* Problem to solve: Please set out each line below exactly as it stands, without the images.

*** Supplied data

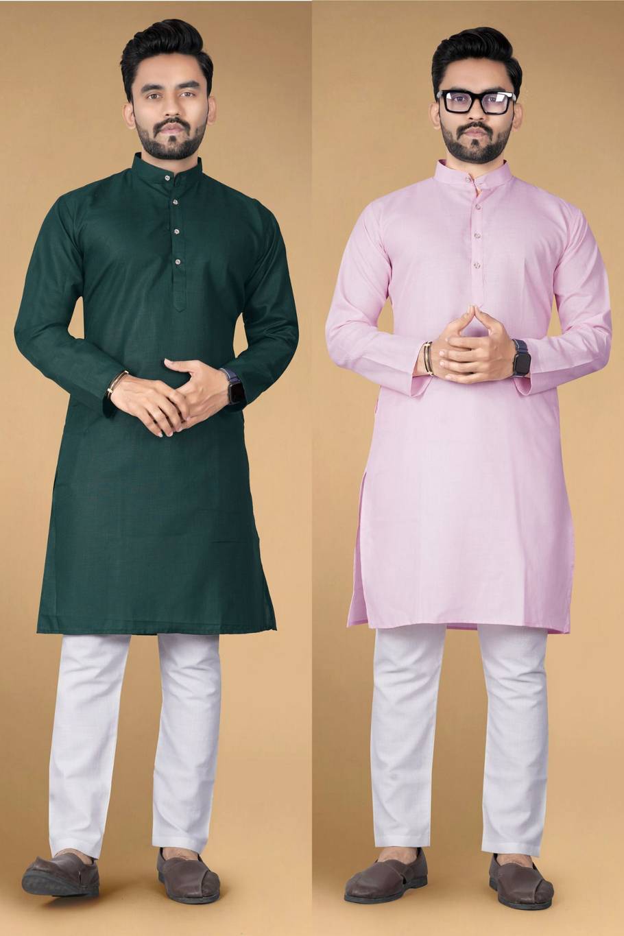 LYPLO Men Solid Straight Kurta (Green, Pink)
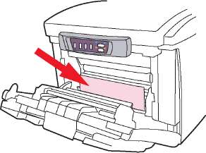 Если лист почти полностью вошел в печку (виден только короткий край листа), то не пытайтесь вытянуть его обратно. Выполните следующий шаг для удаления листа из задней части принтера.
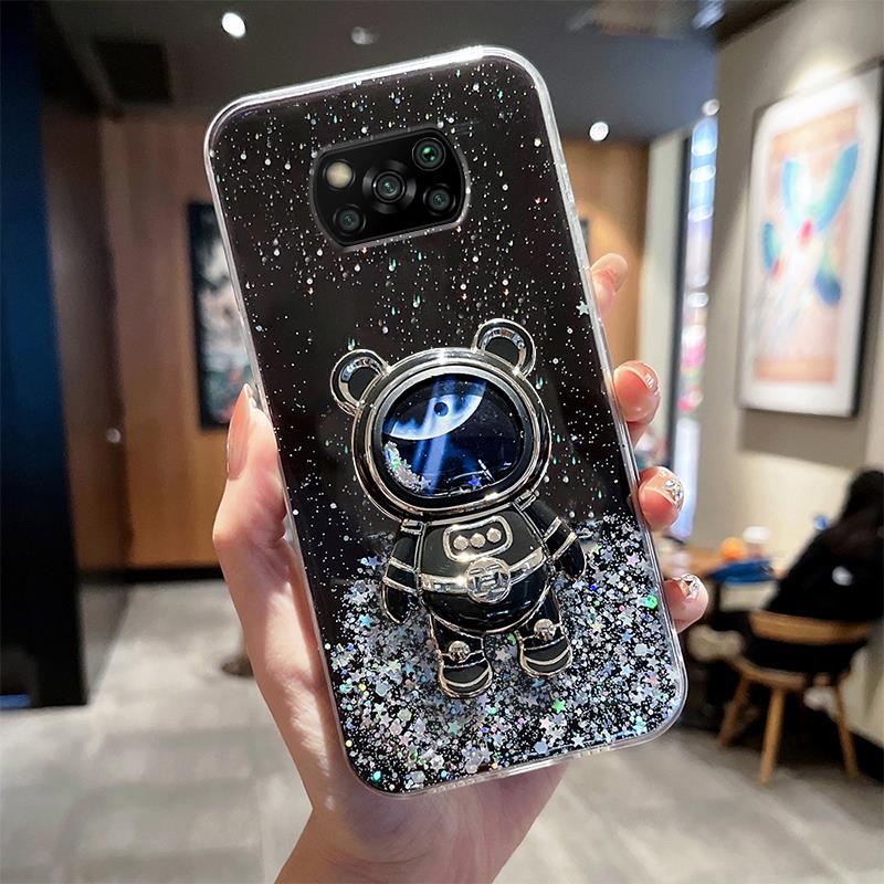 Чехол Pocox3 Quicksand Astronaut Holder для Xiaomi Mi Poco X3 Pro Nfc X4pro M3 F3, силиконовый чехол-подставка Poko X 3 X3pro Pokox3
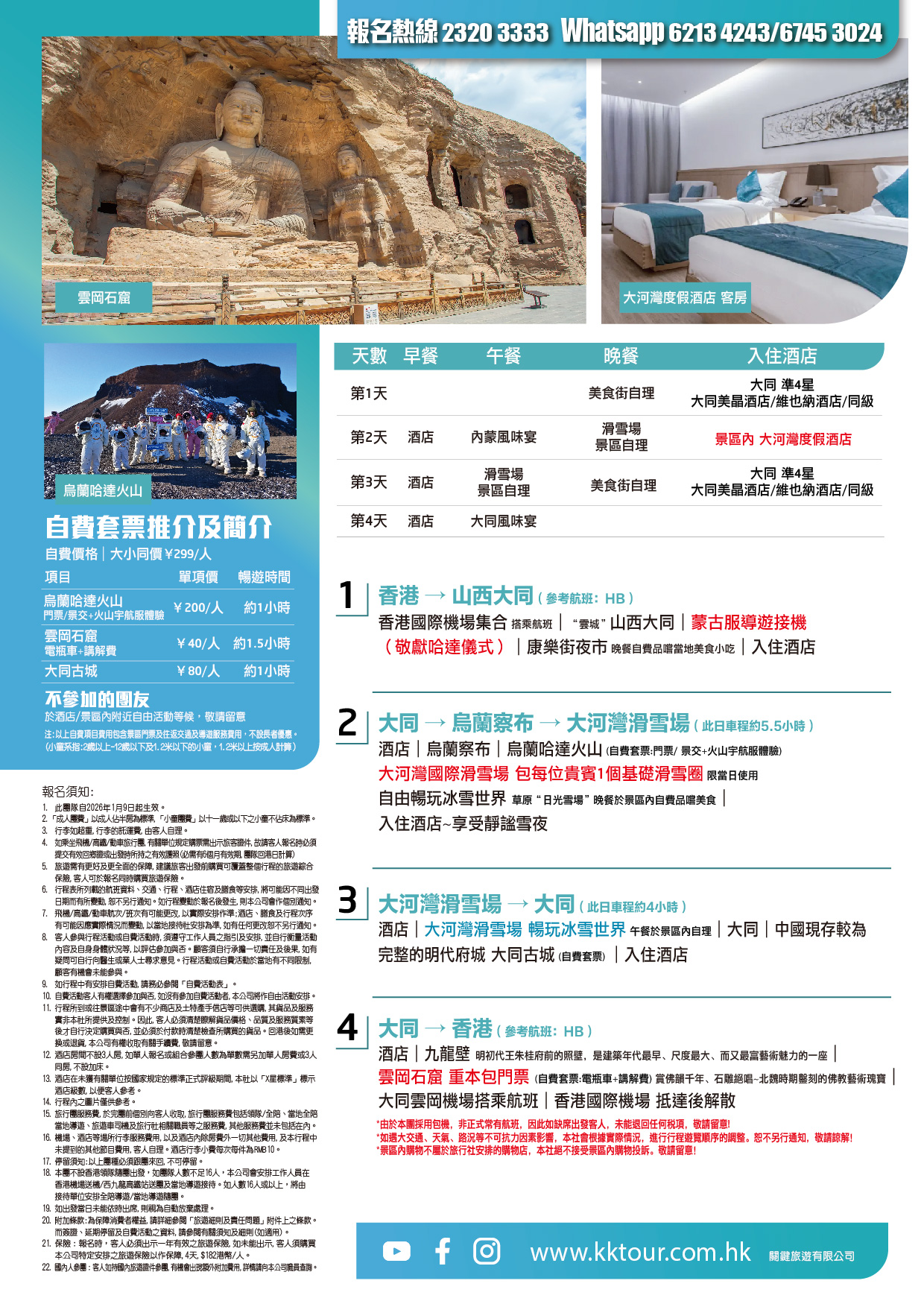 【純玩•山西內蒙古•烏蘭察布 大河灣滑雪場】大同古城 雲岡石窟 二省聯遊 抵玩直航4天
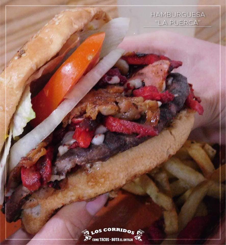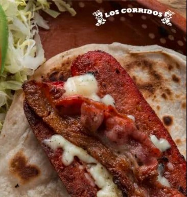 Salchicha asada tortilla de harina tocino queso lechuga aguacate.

******

* Written solution:
 LYPLO Men Solid Straight Kurta (Green, Pink)
 Если лист почти полностью вошел в печку (виден только короткий край листа), то не пытайтесь вытянуть его обратно. Выполните следующий шаг для удаления листа из задней части принтера.
 Чехол Pocox3 Quicksand Astronaut Holder для Xiaomi Mi Poco X3 Pro Nfc X4pro M3 F3, силиконовый чехол-подставка Poko X 3 X3pro Pokox3
 【純玩•山西內蒙古•烏蘭察布 大河灣滑雪場】大同古城 雲岡石窟 二省聯遊 抵玩直航4天
 Salchicha asada tortilla de harina tocino queso lechuga aguacate.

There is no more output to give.